Doubling down on food fortification to fortify the future
Pellagra. Beriberi. You likely haven’t heard of these debilitating diseases: they were virtually eradicated more than 70 years ago by adding essential vitamins and minerals to commonly consumed staple foods and condiments. One of the most common forms of fortification, salt iodization, is now practiced in more than 160 countries and is credited with preventing 750 million cases of goitre over the past 25 years.
Most of us don’t worry about these diseases or think about how to protect ourselves from them because the food we consume does this job for us.
So why is nearly one-third of our global population suffering from diseases—even premature deaths—that are preventable through diet? Because healthy diets are often not affordable, available or accessible to many around the world. To improve diets, we haven’t tapped the full potential of food fortification—inexpensively adding essential vitamins and minerals to foods which people consume every day.
Vitamins and minerals are critical to better functioning immune systems, improved cognition and optimal growth and development. A new systematic review and meta-analysis of 50 studies helps fill a critical knowledge gap about the full impact of large-scale fortification programs in low- and middle-income countries (LMIC). Food fortification programs with iodine, folic acid, vitamin A and iron have led to dramatic reductions in serious disease in LMIC, helping to achieve:
- A 34% reduction in anemia from improved iron stores. The study also revealed that while all age groups benefited from iron fortification, those most at risk of deficiency benefited the most, such as women of reproductive age and pregnant women;
- A 74% reduction in the odds of goitre and a significant reduction in iodine deficiency;
- A 41% decrease in the odds of neural tube defects due to reductions of folate deficiency among women of reproductive age; and
- An approximate reduction in vitamin A deficiency (VAD) for three million children (0-9 years) in just one year, significantly reducing their risk of mortality.
The World Bank and the Copenhagen Consensus have both ranked food fortification as one of the best investments in development in terms of cost effectiveness. The incremental cost per person per year is low, ranging from as $.05 for iodized salt to $.12 for wheat and maize fortified with iron and folic acid, with lifetime costs of less than $15 for these two fortified commodities. The benefit cost ratios—the ratio of the economic benefits relative to its costs—are also impressive: 30:1 for iodine in salt, 46:1 for folic acid in wheat or maize flour, and 8:1 for iron in wheat or maize flour. On a weighted average basis, every $1 invested in fortification generates $27 in economic return from averted disease, improved earnings, and enhanced work productivity. These costs and economic returns are generally comparable with other critical and widely accepted public health interventions, such as vaccination, where the incremental cost of a fully vaccinated child is approximately $45 and the benefit cost ratio is approximately 16:1 (Figure 1).

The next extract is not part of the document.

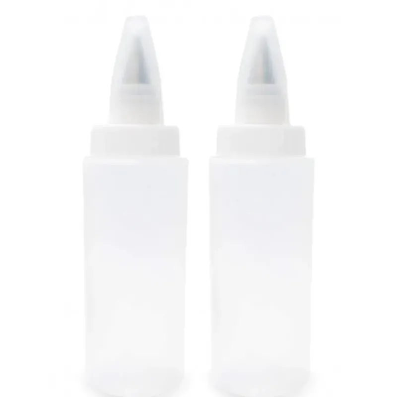 Envie d’un glaçage précis et raffiné simplement ? Optez pour ce lot de 2 flacons verseurs souples + 2 douilles à glaçage ScrapCooking. Les flacons verseurs plus communément appelés squeezer sont fabriqués en plastique souple permettant ainsi une manipulation facile. D’une contenance de 185 ml, il vous suffira de presser le flacon pour faire sortir votre glaçage.

Figure 1: General comparability of costs and economic returns: fortification vs. vaccination
The evidence is clear, but coverage of fortified foods is still too low. While over 80 countries now fortify wheat, maize or rice, only 26% of wheat flour, 68% of maize flour, and less than 1% of rice milled in industrialized facilities is fortified. Low levels of industry compliance with fortification standards further compounds the problem in many countries. Worse yet, there are 75 additional LMIC with inadequate intakes of micronutrients that are without fortification legislation for one or more highly consumed staple foods and condiments (Figure 2), according to the Global Fortification Data Exchange (GFDx). This is a massive lost opportunity.
Figure 2: Countries which have potential to benefit from new fortification programs
In light of the new evidence of impact of food fortification as well as its cost effectiveness, it is simply unacceptable that fortified foods are not more widely available to the estimated two billion around the globe suffering from basic micronutrient deficiencies. With this low-cost, high-impact tool we can prevent disease and disability, generate massive economic returns in developing countries, and save lives. Governments, donors, the private sector, program implementers, and civil society must urgently work together to double-down on food fortification as one of the most critical public health interventions of our time. With increased political commitment, the important program components will more easily follow—including enacting new fortification legislation and improving the delivery and monitoring of existing programs to boost quality and coverage.